聞き覚えのない声だったが、不思議と懐かしい気持ちにさせられる声だった。

「せっかくこんなに面白い世界に生まれ変わったんだから、楽しまなくてどうすんの⁈」

「お、面白い…?」

その声は姫であるフォルティにも礼儀も遠慮なく話しかけてくる。
もしもユークがここにいたら、声の主に対して剣を抜いていたかもしれない。

「そう!死ぬ間際に思ったじゃない、生まれ変わったら、おとぎ話この世界のような世界で好きに生きてやるって!」

「………!」

その言葉をきっかけに夢の世界が、さまざまな映像を映し出した。

前世の私は日本と呼ばれる国の女性だった。
子供の時から魔法やおとぎ話が大好きだった。
大人になってからは漫画やゲームが大好きで、恋人は画面の向こうの人。
でもそれでも幸せで。

「たとえ死ぬまで独身でも推しの〇〇がいれば、幸せじゃー!」
…とか言ってたなぁ。

でも人生、なかなか上手くいかないもので。
成人するまで風邪一つひいた事がなかったのに、少し体調が悪いなと思って病院に行ったら、もう手遅れで。

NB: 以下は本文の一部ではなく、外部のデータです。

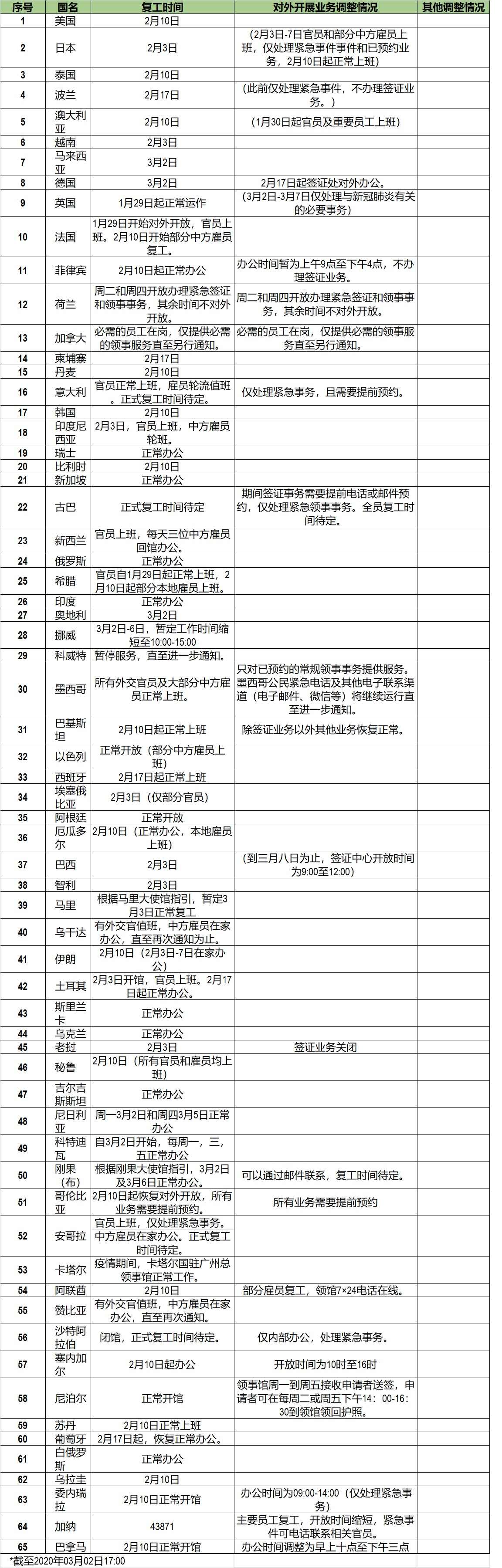记者3月2日从广东省人民政府外事办公室官方网站获悉,截至3月2日17时,多个外国驻穗领馆已复工,但并非所有业务恢复,有的仅处理紧急业务,不办理签证业务,有的则缩短了工作时间。具体复工情况,详见下表:
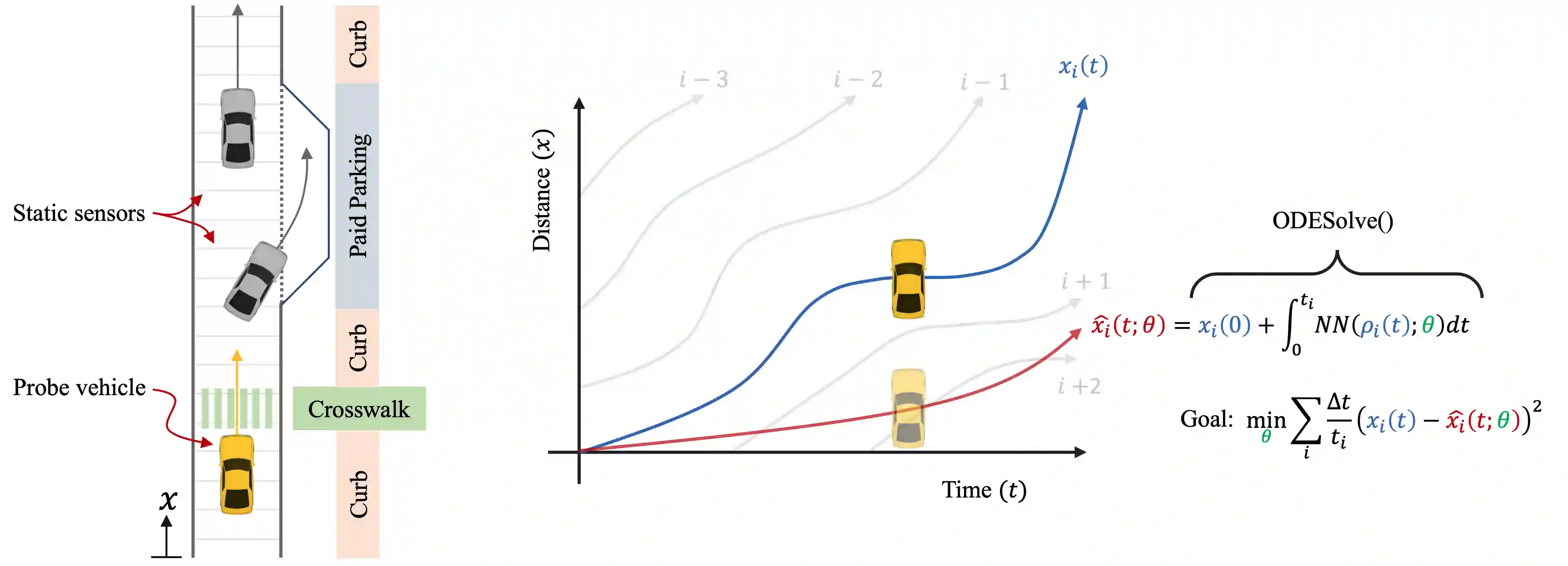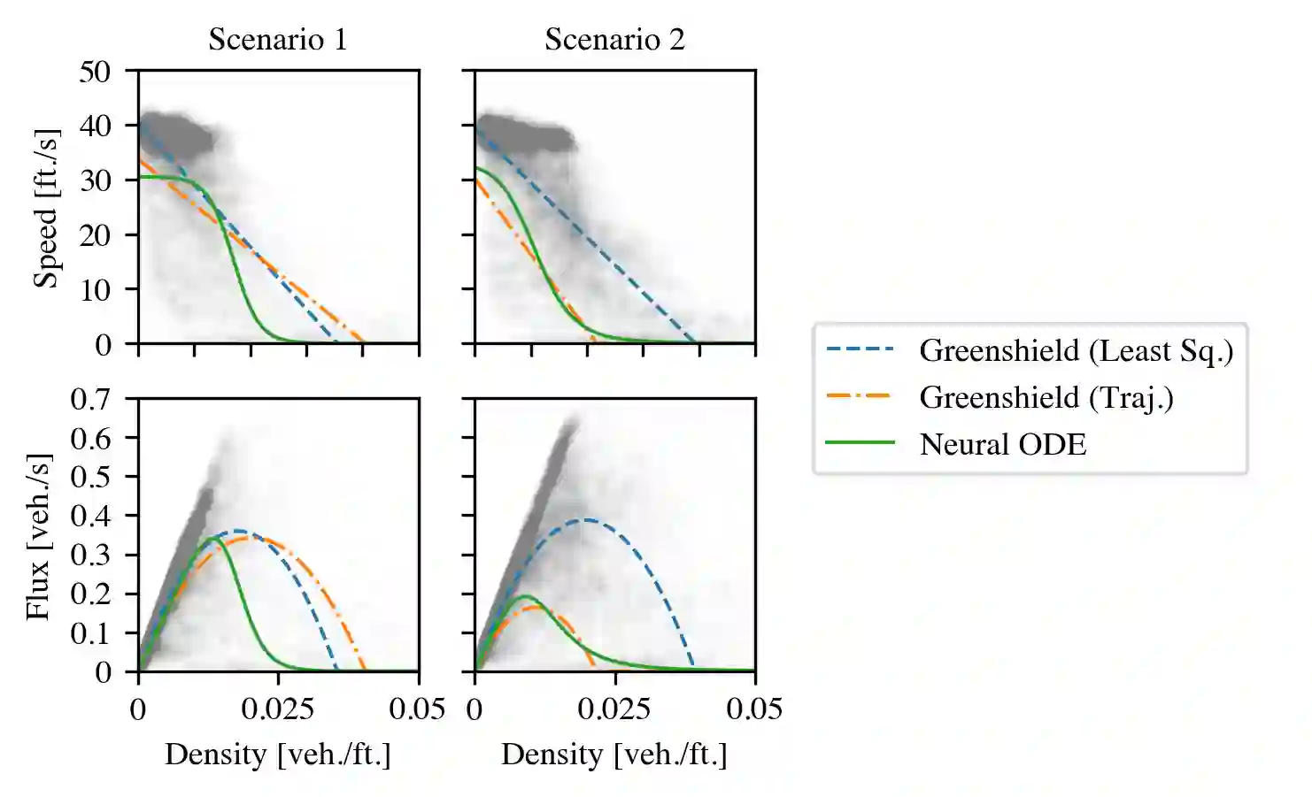 Fundamental diagrams describe the relationship between speed, flow, and density for some roadway (or set of roadway) configuration(s). These diagrams typically do not reflect, however, information on how speed-flow relationships change as a function of exogenous variables such as curb configuration, weather or other exogenous, contextual information. In this paper we present a machine learning methodology that respects known engineering constraints and physical laws of roadway flux - those that are captured in fundamental diagrams - and show how this can be used to introduce contextual information into the generation of these diagrams. The modeling task is formulated as a probe vehicle trajectory reconstruction problem with Neural Ordinary Differential Equations (Neural ODEs). With the presented methodology, we extend the fundamental diagram to non-idealized roadway segments with potentially obstructed traffic data. For simulated data, we generalize this relationship by introducing contextual information at the learning stage, i.e. vehicle composition, driver behavior, curb zoning configuration, etc, and show how the speed-flow relationship changes as a function of these exogenous factors independent of roadway design.

それでも辛い入院生活の中でも支えてくれたのは、家族はもちろんの事。長年のオタク生活で仲良くなった友人や、ネット小説、漫画、ゲーム、そして最愛の推し〇〇…。

でも最期には手さえも上手く動かせずにいた。
そんな時は窓の外を見て、生まれ変わった時になにをするかを考えた。

次は子供の頃に夢見た世界に行こう…!
そして、人生いつ終わるかなんて分からないんだから、もっと好きに生きよう!

そうだ…!そうだった…!
私はそのために生まれ変わってきたんだった!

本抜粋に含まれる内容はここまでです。